LOTRIMIN is a Topical Antifungal that works by Clotrimazole inhibits fungal cytochrome P450 14α-demethylase, blocking ergosterol synthesis and disrupting fungal cell membrane integrity.. ECOZA is a Topical Antifungal that works by Imidazole antifungal inhibiting ergosterol synthesis via CYP51, disrupting fungal cell membrane permeability.. They differ in pharmacokinetic profiles, FDA-approved indications, and side effect profiles.
Potency comparisons between LOTRIMIN and ECOZA depend on the specific clinical indication. These are both Topical Antifungal agents and are not directly interchangeable by dose. A physician or clinical pharmacist should guide any therapeutic switching decisions.

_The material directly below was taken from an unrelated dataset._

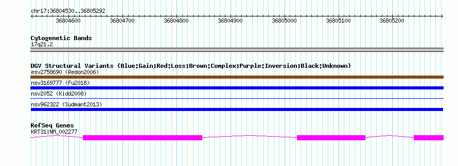 Variant DetailsVariant: nsv962322| Internal ID | 18597566 | | Landmark | | | Location Information | | | Cytoband | 17q21.2 | | Allele length | | Assembly | Allele length | | hg38 | 763 | | hg19 | 763 | | hg18 | 763 |

The standard adult dose of LOTRIMIN is: Clotrimazole 1% cream or solution applied topically to affected area twice daily for 2-4 weeks. For vaginal tablets: 100 mg intravaginally once daily for 7 days or 500 mg single dose. For troches: 10 mg troche dissolved slowly in mouth five times daily for 14 days.. The standard adult dose of ECOZA is: For vulvovaginal candidiasis: One vaginal suppository (150 mg) inserted intravaginally at bedtime for 3 consecutive days. For cutaneous candidiasis: Apply cream (1%) to affected area twice daily for 2-4 weeks.. Dosing should always be individualized based on indication, renal and hepatic function, age, and other patient factors.
No direct drug-drug interaction has been formally documented between LOTRIMIN and ECOZA in current clinical databases. However, individual patient risk factors including other medications, organ function, and comorbidities should always be evaluated by a qualified healthcare provider.
The maternal-fetal safety profiles differ. LOTRIMIN is classified as Category C. Clotrimazole (LOTRIMIN) topical use is not associated with increased risk of major congenital malformations. Systemic absorption is minimal (<0.5% after vaginal or topical applicat. ECOZA is classified as Category C. ECOZA (econazole nitrate) is pregnancy category C. First trimester: no adequate studies; avoid unless benefit outweighs risk. Second/third trimester: minimal absorption after topic. Always consult a maternal-fetal medicine specialist before taking either drug during pregnancy or lactation.